Google launches BigLake preview: Helping companies analyze data more easily
At its Cloud Data Summit, Google announced a preview of BigLake. This new data lake storage engine will help enterprises more easily analyze the data in their data warehouses and data lakes.
At its core, BigLake leverages Google's experience in running and managing its BigQuery data warehouse and extends it to a data lake on Google Cloud Storage, combining the benefits of the data lake and warehouse into a single service that abstracts the underlying storage format and system.
Notably, this data can be housed in BigQuery or on AWS S3 and Azure Data Lake Storage Gen2. With BigLake, developers will get a unified storage engine and be able to query the underlying data store from a single system without moving or duplicating data.
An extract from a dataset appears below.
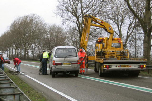 01-03-2008 - Caravan en auto op zijn kop op N33 - © Parkstadveendam.nl

In today's announcement, Gerrit Kazmaier, vice president and general manager of database, data analytics and business intelligence for Google Cloud, said:
Managing data in disparate data lakes and data warehouses creates silos and increases risk and cost, especially when data needs to be moved. BigLake allows companies to unify their data warehouses and lakes to analyze data without worrying about the underlying storage format or system, which eliminates the need to duplicate or move data from the source, reducing costs and inefficiencies.
Using policy tags, BigLake allows administrators to configure their security policies at the table, row and column levels. This includes data stored in Google Cloud Storage, as well as two supported third-party systems where Google's multi-cloud analytics service, BigQuery Omni, has these security controls enabled. These security controls then also ensure that only the right data flows into tools like Spark, Presto, Trino, and TensorFlow. The service also integrates with Google's Dataplex tool to provide additional data management capabilities.
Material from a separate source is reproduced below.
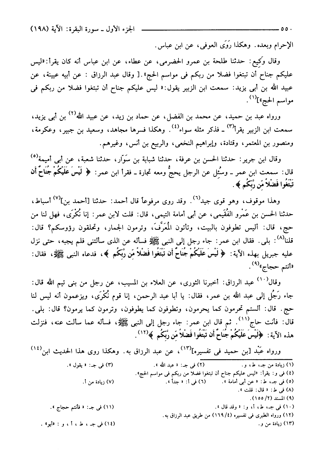 وَقَالَ (10) عَبْدُ الرَّزَّاقِ: أَخْبَرَنَا الثَّوْرِيُّ، عَنِ الْعَلَاءِ بْنِ الْمُسَيَّبِ، عَنْ رَجُلٍ مِنْ بَنِي تَيْمِ اللَّهِ قَالَ: جَاءَ رَجُل إِلَى عَبْدِ اللَّهِ بْنِ عُمَرَ، فَقَالَ: يَا أَبَا عَبْدِ الرَّحْمَنِ، إِنَّا قَوْمٌ نُكْرَي، وَيَزْعُمُونَ أَنَّهُ لَيْسَ لَنَا حَجٌّ. قَالَ: أَلَسْتُمْ تُحْرِمُونَ كَمَا يُحْرِمُونَ، وَتَطُوفُونَ كَمَا يَطُوفُونَ، وَتَرْمُونَ كَمَا يَرْمُونَ؟ قَالَ: بَلَى. قَالَ: فَأَنْتَ حَاجٌّ (11) . ثُمَّ قَالَ ابْنُ عُمَرَ: جَاءَ رَجُلٌ إِلَى النَّبِيِّ صَلَّى اللَّهُ عَلَيْهِ وَسَلَّمَ، فَسَأَلَهُ عَمَّا سَأَلْتَ عَنْهُ، فَنَزَلَتْ هَذِهِ الْآيَةُ: {لَيْسَ عَلَيْكُمْ جُنَاحٌ أَنْ تَبْتَغُوا فَضْلا مِنْ رَبِّكُمْ} (12) .

Google noted that BigLake will offer fine-grained access control and its APIs will span Google Cloud, as well as open column-oriented file formats such as Apache Parquet and open-source processing engines such as Apache Spark.
Justin Levandoski, software engineer at Google Cloud, and Gaurav Saxena, product manager, explained in today's announcement:
The amount of valuable data that enterprises need to manage and analyze is growing at an alarming rate. This data is increasingly spread across many locations, including data warehouses, data lakes and NoSQL stores. As enterprises' data becomes more complex and proliferates across disparate data environments, silos emerge, creating increased risk and cost, especially when that data needs to be moved. Our customers have made it clear; they need help!